Here in Yates County, home to the Finger Lakes Produce Auction, we have over 50 fruit and vegetable stands. And this represents increased access to a diversity of fruits and vegetables for rural consumers.
I think it's a good thing to support the local farmer, plus the produce is better, I think. In July, I wanted to make my mother's recipe of garlic dill horseradish pickles. And I said, well, I don't see any dill. I need some dill. How much do you need? And so they just go right out there, and they picked the fresh dill. And I mean, that fresh dill smell is enough to knock you over. And so that's some of the reason why I come up here.
I'm here at the farm market to look for pumpkins and zucchini and anything else fresh that will help me throughout the week. And you can connect to the people that you buy it from. You can talk to them about how their year was with their harvest.
One of my complaints living here away from kind of like a city is that the supermarkets, they don't have the same quality than what you could find here, on the shelves here. Here we can a lot of this stuff. And it lasts for as long as we want it to, and it's great.
I grow a lot of my own produce for my restaurant, and I go to the Finger Lakes Produce Auction. And sometimes you have to buy big bins, large quantity. Sometimes I just need a little bit. So I like to support local smaller guys, too.
We find that produce auctions are a great way to get home-grown local produce into our urban markets as well.

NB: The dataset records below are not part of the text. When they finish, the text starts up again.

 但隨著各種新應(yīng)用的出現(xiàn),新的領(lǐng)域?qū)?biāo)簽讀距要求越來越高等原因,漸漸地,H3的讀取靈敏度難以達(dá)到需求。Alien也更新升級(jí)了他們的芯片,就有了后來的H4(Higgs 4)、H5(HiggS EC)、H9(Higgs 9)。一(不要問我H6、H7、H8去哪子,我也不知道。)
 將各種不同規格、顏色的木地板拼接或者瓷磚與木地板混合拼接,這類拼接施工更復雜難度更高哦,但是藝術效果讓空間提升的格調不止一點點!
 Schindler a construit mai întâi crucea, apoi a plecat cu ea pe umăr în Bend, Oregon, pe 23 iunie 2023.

So we have buyers coming from major cities, such as Buffalo, Rochester, Syracuse, Ithaca, Albany, coming into our produce auctions and taking that product back into communities that need increased access to fruits and vegetables.

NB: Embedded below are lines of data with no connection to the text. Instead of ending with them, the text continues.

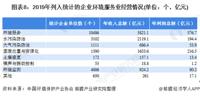 據(jù)環(huán)境保護(hù)產(chǎn)業(yè)協(xié)會數(shù)據(jù),2019年我國列入統(tǒng)計的環(huán)境服務(wù)企業(yè)共10486個,年收入總額為5281.1億元,年利潤總額為576.7億元。
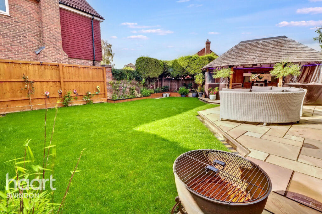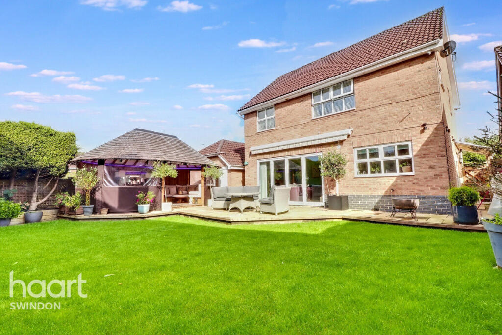 This is a detached property located in Haydon Wick, Swindon, featuring four bedrooms and two bathrooms. The property benefits from a large plot size with a well-maintained garden and a unique outdoor entertainment area. The interior is modern and in good condition. The property is situated in a residential area with nearby schools and transportation links. The listing price is slightly above the average for the area, but the property’s size and features justify the cost.
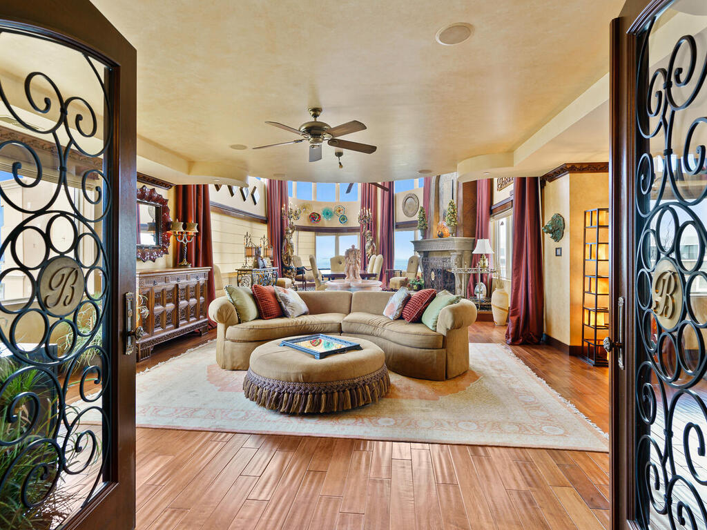 Possibly one of the best locations in downtown Sarasota, Golden Gate Point is home to this amazing three-story penthouse at Vista Bay Point showcasing 360-degree views of Sarasota Bay, The John Ringling Causeway, Bird Key, Longboat Key, downtown Sarasota, Bayfront Park, and Marina Jack’s. Encompassing the top three floors, this one-of-a-kind residence features over 5,400 square feet of interior living space on two levels as well as an expansive private deck including a summer kitchen on the roof. Two-story ceilings, a stunning custom-designed interior staircase, hand-scraped hardwood floors, solid mahogany doors, custom millwork, exotic stone and granite, two fireplaces, two patios with gas grill connections and Crestron automation are just some of the features that make this home special. The stunning kitchen boasts Italian cabinetry, Viking stainless steel professional appliances, including a gas cooktop, beverage drawers and a full-size wine refrigerator. The master suite is an oasis with an amazing custom organized master closet with its own laundry room, a sitting room and dual bathrooms with a shared walk-in shower. This residence comes with two 2-car private garages and 2 large storage rooms. Home to only 16 residences in two luxury towers, Vista Bay Point is a boutique community featuring secured access, private garages, a fully-equipped fitness center, theater room, social room, guest suite, a pool, spa, and a sundeck all within the lushly landscaped grounds. All this in an amazing waterfront location just minutes from downtown Sarasota, St. Armands Circle, and the beaches of Lido and Longboat Key.

We know in agriculture that the farm gate value of a product actually then becomes multiplied out many more times into the community. We know that the economic impact of our produce auction is much greater than the actual value of goods sold.

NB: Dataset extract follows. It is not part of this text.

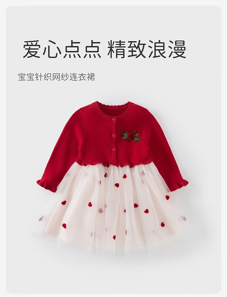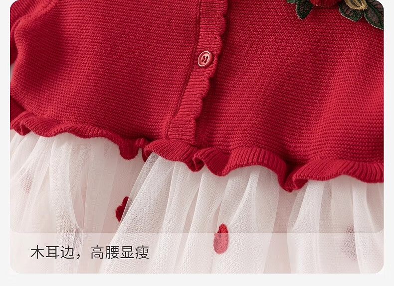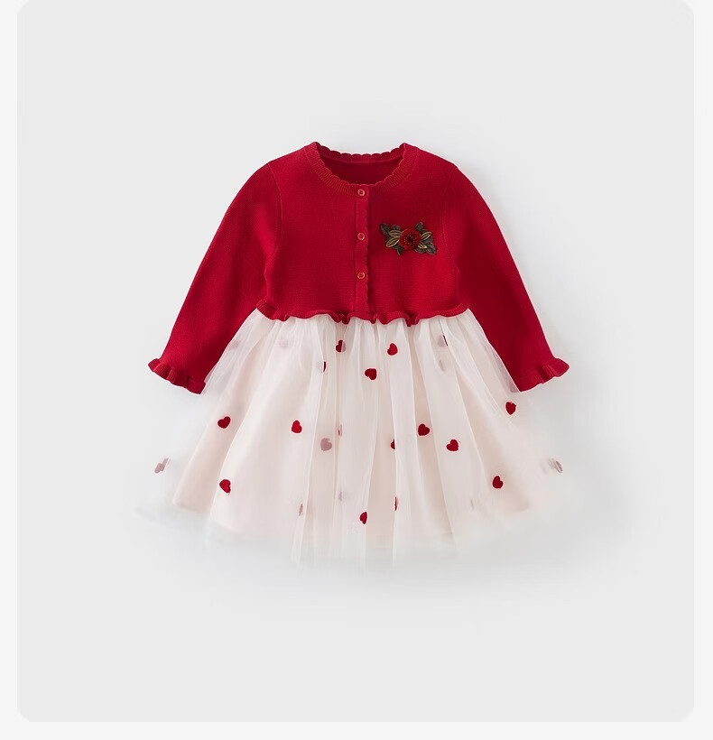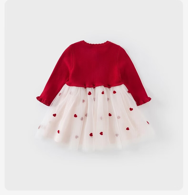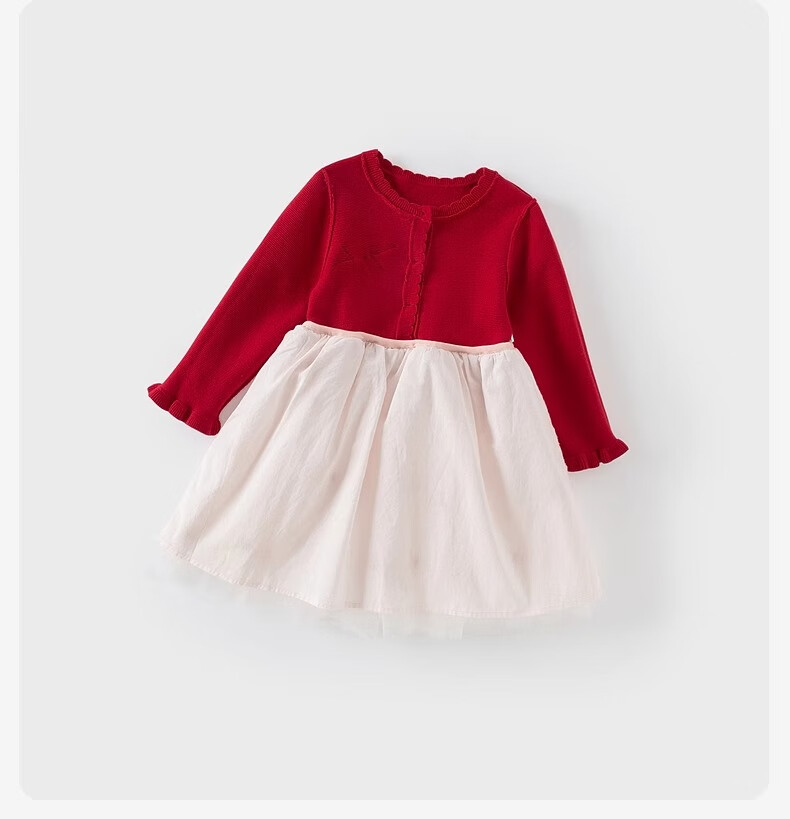 David Bella children's dress spring dress girls sweater mesh long sleeve red New Year's dress children's dress
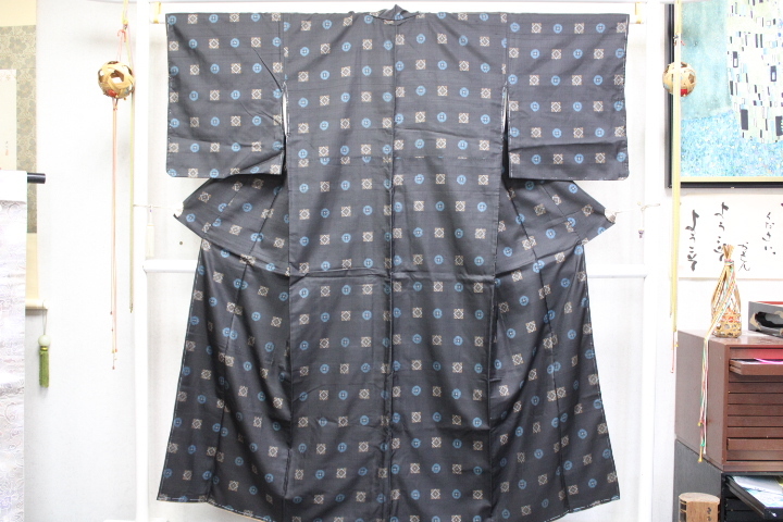 - きもの今昔8843 本場大島紬 広衿袷手縫仕立てきもの シツケ付 整然と並んだ升目にブルーと茶色の絣 身丈152㎝

We have a lot of people employed at our produce auctions, employed as drivers moving product to and from the marketplace, a number of services that are provided to the people that are growing for a produce auction. That includes seed companies, fertilizer companies, tractor repair businesses.
And with all these buyers now coming into our rural counties, we see more sales that other local businesses, such as restaurants, gas stations, and retail stores, all of these are supported by the existence of an auction. Our multiplier effect is very large when we have this many family farms growing for wholesale distribution.
In research conducted by Harvest New York, it was found that produce auctions that work closely with cooperative extension experienced greater economic growth. We also found that produce auction growers that adopted season extension technologies had higher on-farm profitability than those who didn't.
What we'd love to see happen is for the consumer to understand that the product that comes out of New York State produce auctions is grown by family farms, is high quality, and is locally grown.
[MUSIC PLAYING]
Produce auctions in New York State serve as aggregation points that allow local farmers to sell their produce in wholesale lots to buyers from across the region. The Cornell Vegetable Program supports the development and growth of these auctions, and acts as the educational lead for the majority of the NYS produce auctions.
In a HarvestNY survey of top buyers and sellers, 100% of the growers cited Cornell Cooperative Extension as an important information resource.